If Democrats respond to the demands and the hopes of the public marketplace with simple authenticity and passionate conviction, then we will win.
George Bush just does not seem to get it. Just when he makes some progress convincing some Americans and some Europeans that he understands the principles of multilateralism and the benefits of working with, not against, our traditional friends, he goes and appoints John Bolton to be U.S. Ambassador to the United Nations.
This is a truly terrible appointment.
Terrible not because Bolton is a conservative, although he is. Terrible not because Bolton is a critic of the UN, although he is.
Conservatives and UN critics are still capable of honorable and effective service in key foreign policy positions like UN Ambassador.
No, Bolton is a terrible appointment, and the President should know better, because Bolton is an ideologue with a closed mind and a blind opposition to international law and international institutions. He distains the UN and its work and all that it stands for, always has, always will, and is damn proud of his head-in-the-sand position.
I had a memorable run-in (at least for me) with Bolton in late spring 2003 during a public hearing of the House International Relations Committee on which I then served. We were taking testimony from administration spokespeople about the status of the war in Iraq, and this was several weeks after our invasion. I was pushing the witnesses about the failure to discover weapons of mass destruction, and Bolton was citing the discovery of two "mobile chemical labs" as proof positive of Hussein's active WMD program. I reminded Bolton that the CIA had just admitted that those two trucks that were suspected mobile labs had turned out to be support vehicles for weather balloons and very harmless. Bolton started shouting at me,"They scrubbed them clean! They scrubbed them clean!" I tried to follow up and get Bolton to identify who "they" were, and just how they did their "scrubbing", but Chairman Hyde ruled my time was up.
Now we have this same Bolton representing us at the UN -- the one institution in the world that offers the best hope of performing the peacekeeping, the reconstruction, the election staging, the nation building and the democracy spreading so needed in Iraq and around the world -- and this man has spent his public career scorning the United Nations and the important work it tries with mixed success to achieve.
How in the world does the appointment of this right wing, true believing ideologue help us in the world?
Everybody that cares about the environment has to be outraged by the Senate vote today that gave the green light to drilling in the Artic National Wildlife Refuge in Alaska. This drilling is unnecessary, would produce at best only a few months worth of additional oil supply for America, and would certainly destroy a pristine and beautiful Artic wilderness that until now has been protected by Congress.

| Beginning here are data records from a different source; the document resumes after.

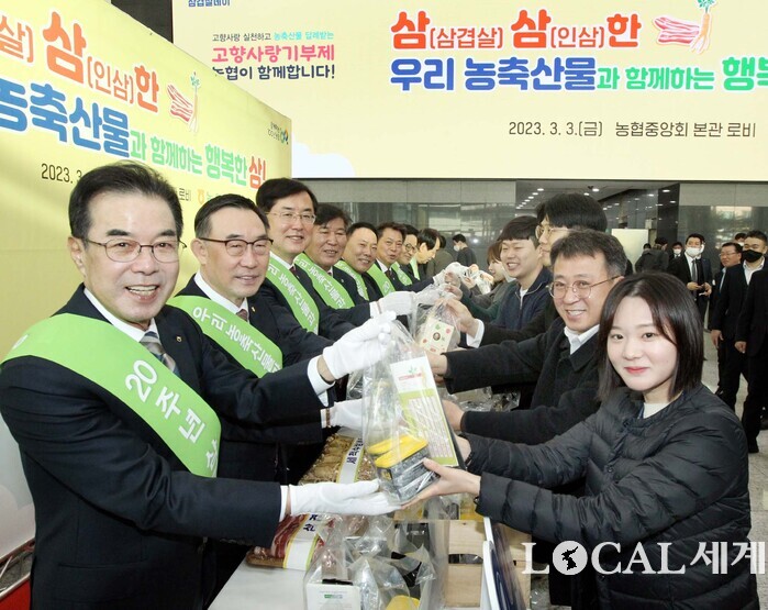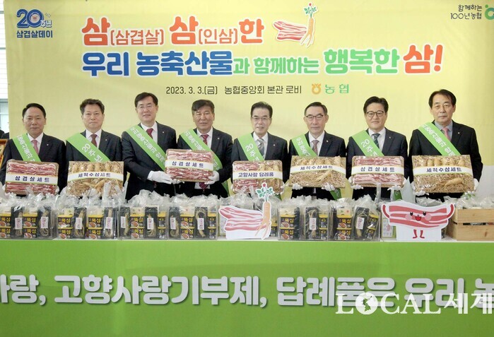 농협(회장 이성희)은 3일 삼겹살데이를 맞아 서울시 중구 농협중앙회 본관에서 삼겹살데이 20주년을 맞이해 농·축산물 소비활성화를 위해 ‘삼(삼겹살)삼(인삼)한 우리 농축산물과 함께하는 행복한 삶’ 캠페인을 펼치고 나눔 행사를 가졌다.
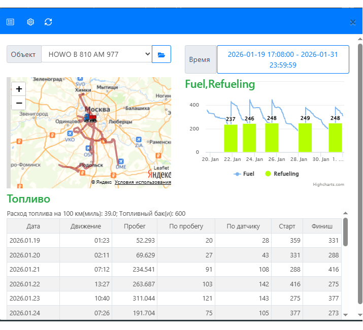 • Зона обслуживания – вся территория РФ; • Без ограничения по количеству пользователей; • Без ограничений по количеству объектов; • Система мониторинга доступна 24/7; • Хранение истории – 500 дней. Цена 420 руб/мес В системе реализован весь необходимый функционал для мониторинга и контроля за ТС, в т.ч. такие функции как: GPS/ГЛОНАСС мониторинг (местоположение, трек, стоянки, скорость, состояние зажигания (вкл/выкл), двигатель (заведен/заглушен), статус блокировки двигателя, если подключена функция); Автоматическая блокировка двигателя при нарушении заданных условий (например, выход из разрешенной зоны, превышение скорости и т.п.) Автоматическую блокировку двигателя можно применить к любому событию; Отправка уведомлений по событиям в Telegram, e-mail; Широкий перечень предустановленных отчетов; Построение графиков по любым параметрам; Ретрансляция данных в РНИС Москвы/МО, ОССИГ, Адвантум и т.п.; Геозоны и POI – количество не ограниченно; Система UniSky интегрирована с Системой управления таксопарком, компании Элемент-автопарк онлайн. Компания Элемент является официальным партнером ЯндексGo; Обучение и консультации по работе системы мониторинга; Контроль температуры в рефрижераторе; Примечание: Контроль параметров CAN и контроль расхода топлива - включено в тарифе Профи и Международный.
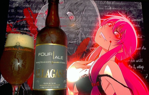 Four by Allagash is a 10%ABV Quadrupple Ale. Made with 4 hops, 4 malts, and fermented 4 times using 4 types of yeast strains. What can I say, I’ve never have tried their version of a quad ale. I have to admit, I like it….alot. One of the key ingredients that shines through, aside from delicious quad dulce de leche flavors and sweet bread, is Vanilla, Bourbon, maple, earthy caramel and somewhat grassy hops like that of an amber almost. It is not like a coffee but more of a pecan nutty flavor. The quad flavors of bread, dulce de leche cream, caramel, dark raisins, plums, grapes and candied sugar still are there as well as pears, apples, and some sweet grapefruit. I think mainly from the hop. Interesting quad none the less and worth a try. A definite recommendation if you do happen to find it.
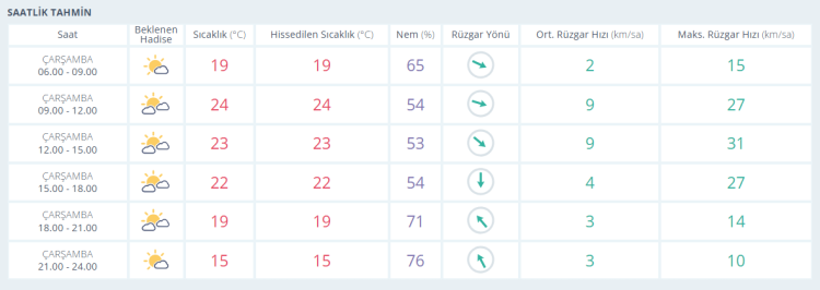 29 Mayıs Perşembe: Parçalı bulutlu. En düşük sıcaklık 13, en yüksek sıcaklık 24 derece olacak.
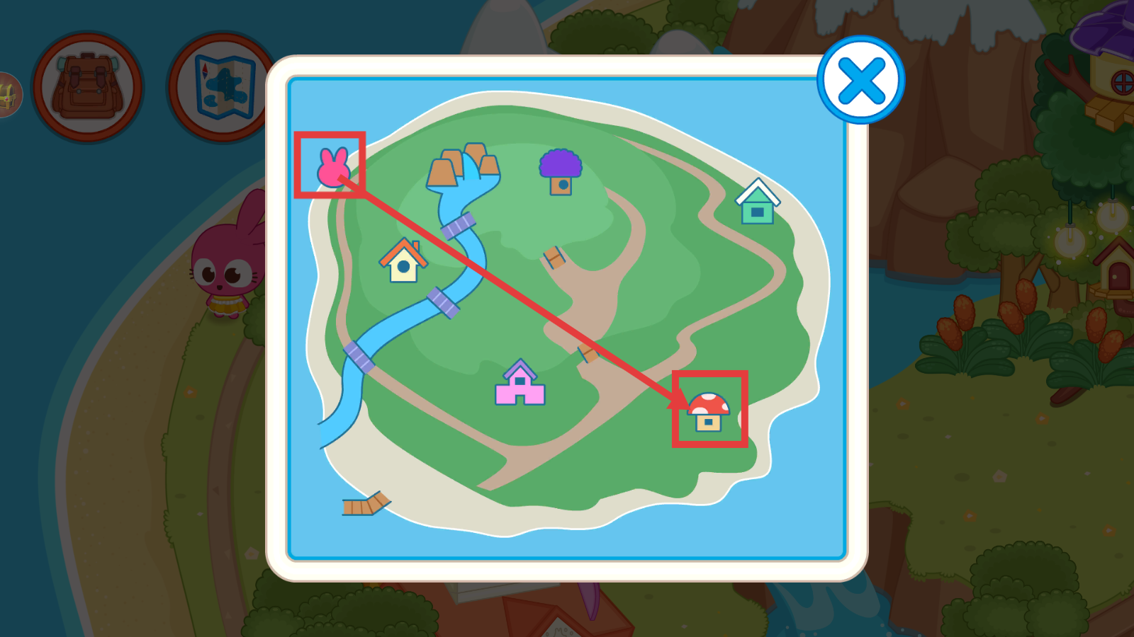 3、在地图界面,找到粉色兔子位置到蘑菇屋的路径,沿着路线前往目标地点。
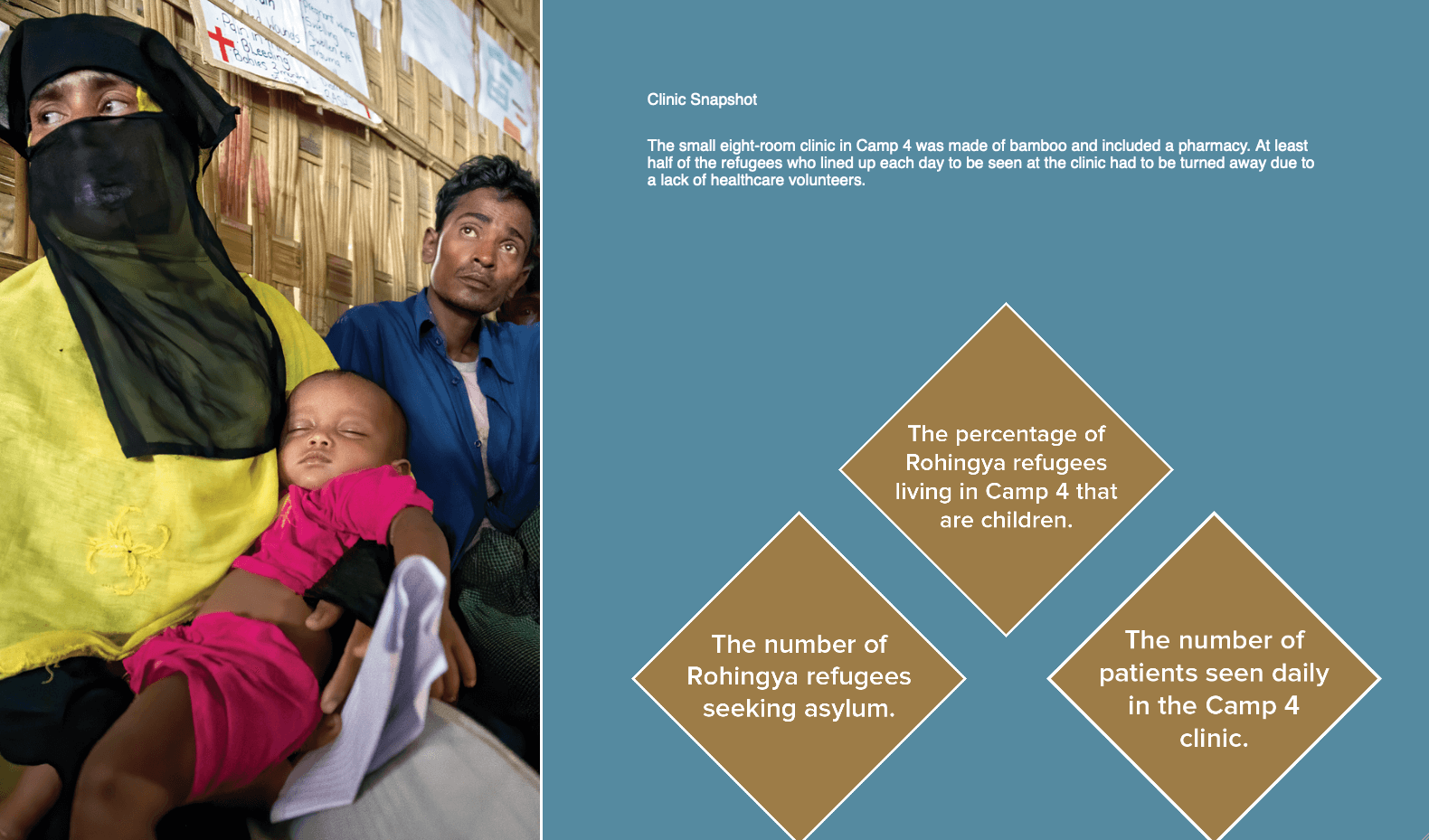 The small eight-room clinic in Camp 4 was made of bamboo and included a pharmacy. At least half of the refugees who lined up each day to be seen at the clinic had to be turned away due to a lack of healthcare volunteers.
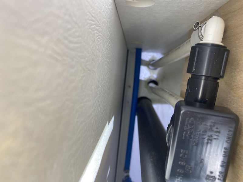 The valve pictures are here (white lines going behind panel going to check valve and then down to black tank):
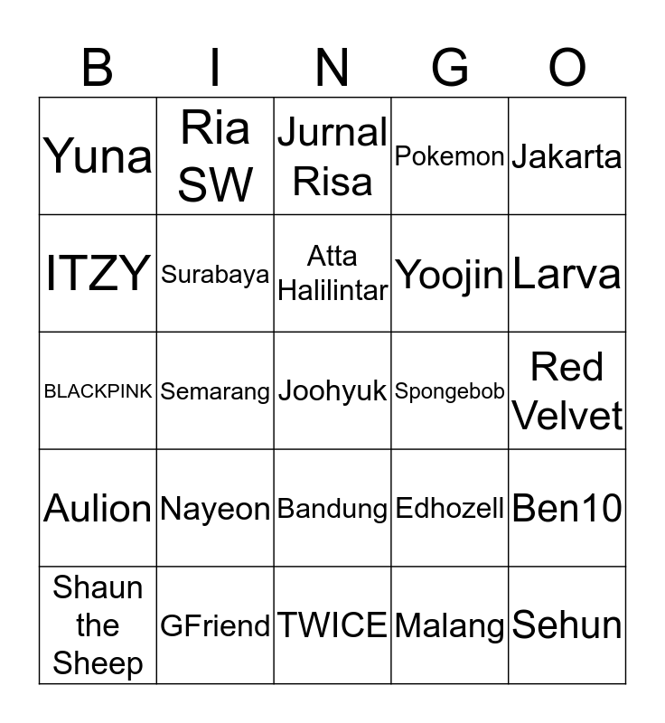 This bingo card has 25 words: Nayeon, TWICE, Atta Halilintar, Shaun the Sheep, Jakarta, Yuna, ITZY, Ria SW, Spongebob, Bandung, Yoojin, BLACKPINK, Edhozell, Ben10, Surabaya, Sehun, Red Velvet, Jurnal Risa, Larva, Semarang, Joohyuk, GFriend, Aulion, Pokemon and Malang.
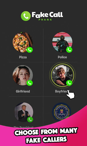 - Choose your favourite from a list of many fake callers - like girlfriend, police, pizza
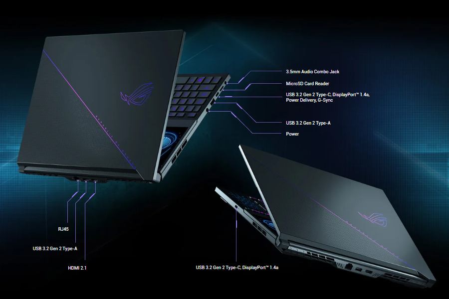 Talking of the ports options, the gaming laptop has 2x USB 3.2 Gen 2 ports, 1x USB 3.2 Gen 2 Type-C, (DisplayPort, PD, G-SYNC), 1x USB 3.2 Gen 2 Type-C (DisplayPort, G-SYNC), 1x HDMI 2.1 FRL port, 1x 3.5mm Combo Audio Jack, and 1x 2.5G LAN port. And the wireless connectivity includes triple-band WiFi 6E and Bluetooth 5.2.
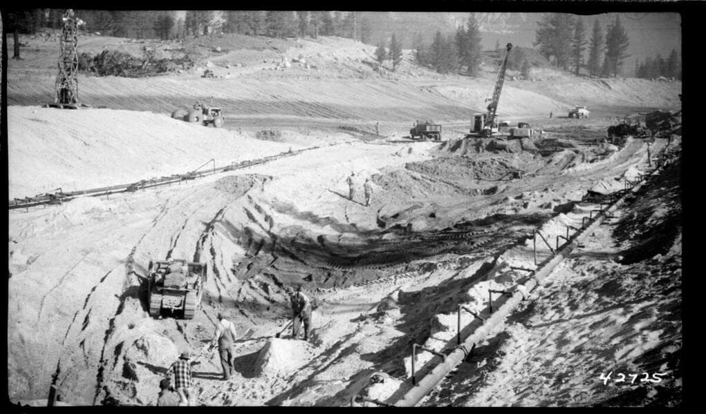 Big Creek, Vermilion Dam - Trimming foundation for impervious blanket at upstream end of outlet conduit.
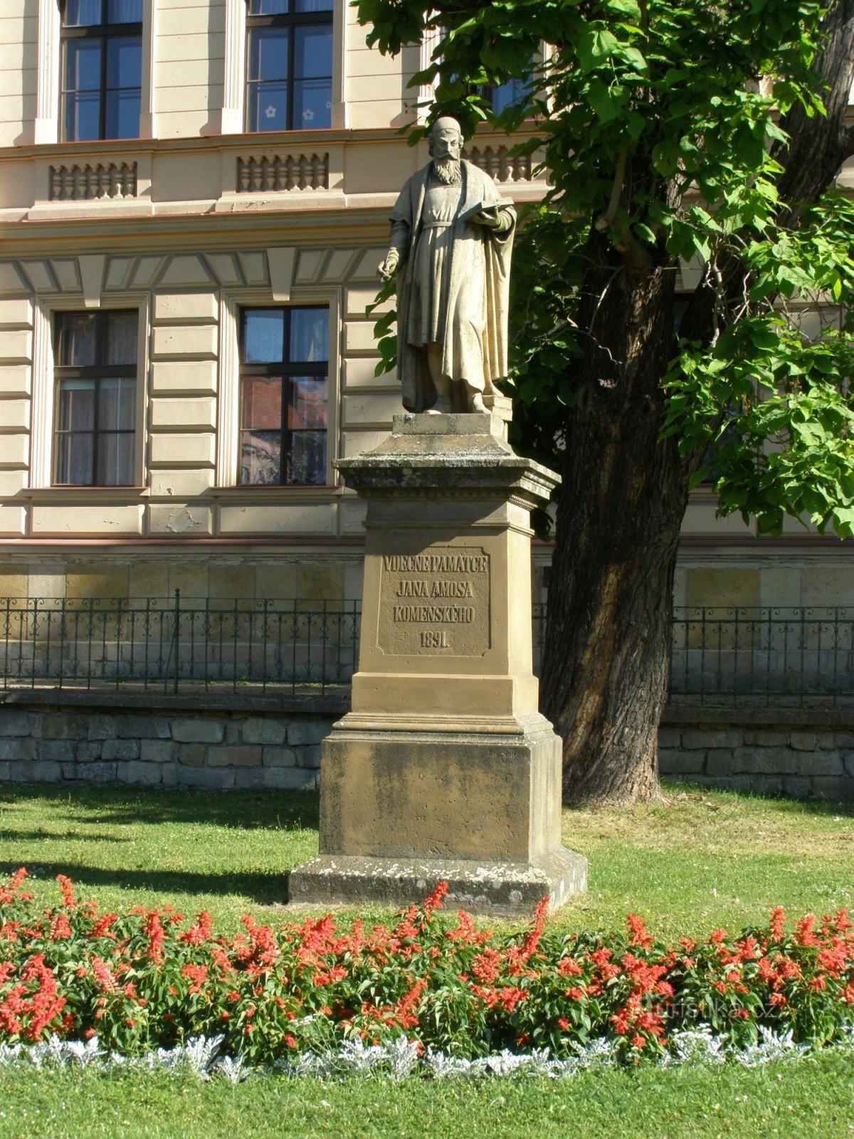 Pomník se sochou J. A. Komenského se nachází v prostoru před školou, která je pojmenována po J. A. Komenském. Zhotovena byla v roce 1891.
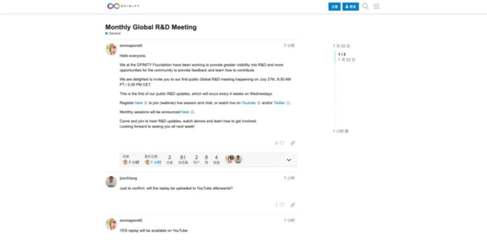 7 月 22 日:DFINITY 宣布每月全球研发会议
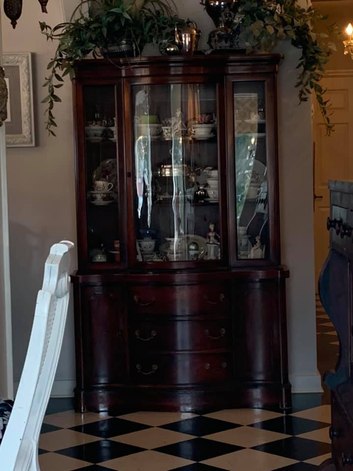 The living room – very cozy with a log burning fireplace to the right which we used – buying those burning logs from the store the ones you just light and it burned for a good four hours! Ella – our grand daughter laughed at it saying it was a fake log but it did put off heat! And beyond – a enclosed patio with walls going up past the window on the second floor!
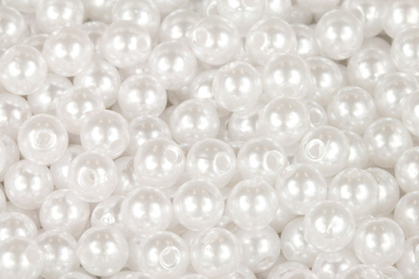 Plastové kulaté korálky o průměru 8 mm s perleťovou povrchovou úpravou imitují perly.
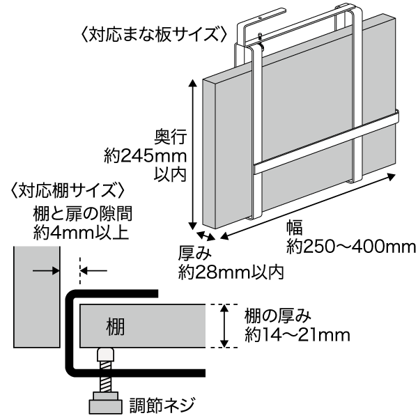 黒 25.8cm奥行戸棚下まな板ホルダー まな板 収納 吊り戸棚 吊り下げラック 戸棚。
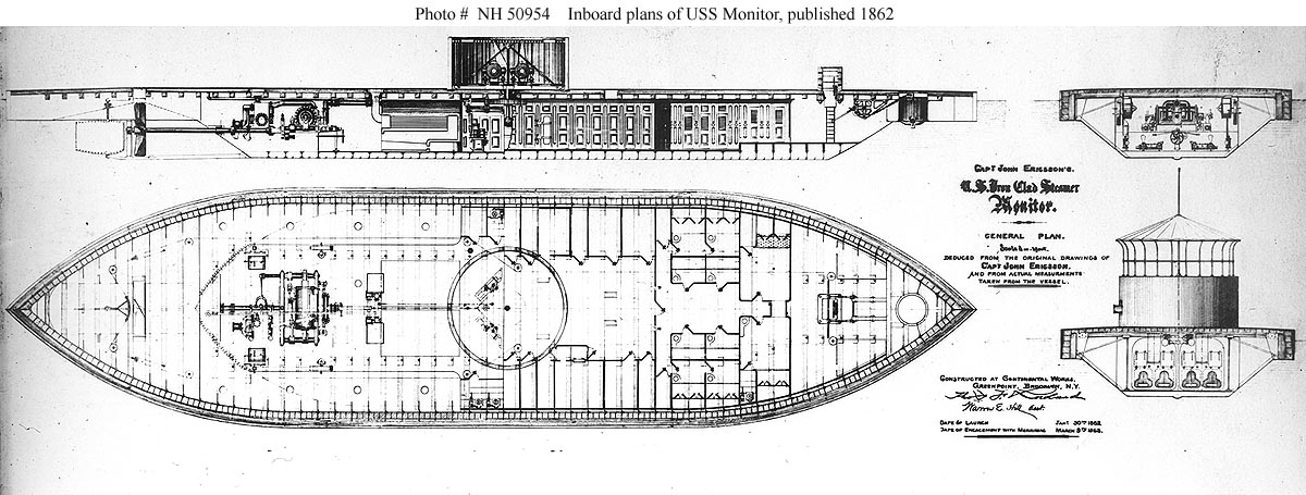 153k | General plan of the Monitor published in 1862, showing the ship's inboard profile, plan view below the upper deck and hull cross sections through the engine and boiler spaces. | Courtesy of the Naval Historical Foundation. U.S. Naval Historical Center Photograph. USNHC # NH 50954. | |||||||||||||||||||||||||||||||||||||||||||||||||||||||||||||||||||||||||||||||||||||||||||||||||||||||||||||||||||||||||||||||||||||||||||||

Active exploration and drilling for oil has occurred on the north slope of Alaska for many years. Prudhoe Bay and ANWR are both on the north slope. 95% of the north slope is open to oil exploration, only 5% (the coastal plain of ANWR) is currently protected. We should keep it protected -- for the animals, for the birds, for us, for the wildness of it.
Several years ago my wife Francesca and I camped in a river valley of ANWR then flew over the ANWR coastal plain, where the drilling would occur, on our way to visit Prudhoe Bay. Simply put, ANWR is beautiful, Prudhoe Bay is ugly.
Drilling for oil -- the roads, rigs, buildings and pipes -- despoils the environment, plain and simple.
Every Pennsylvanian should be angry that our two U.S. Senators voted to approve drilling in ANWR. We need leaders who will fight to protect our environment, in Alaska and at home.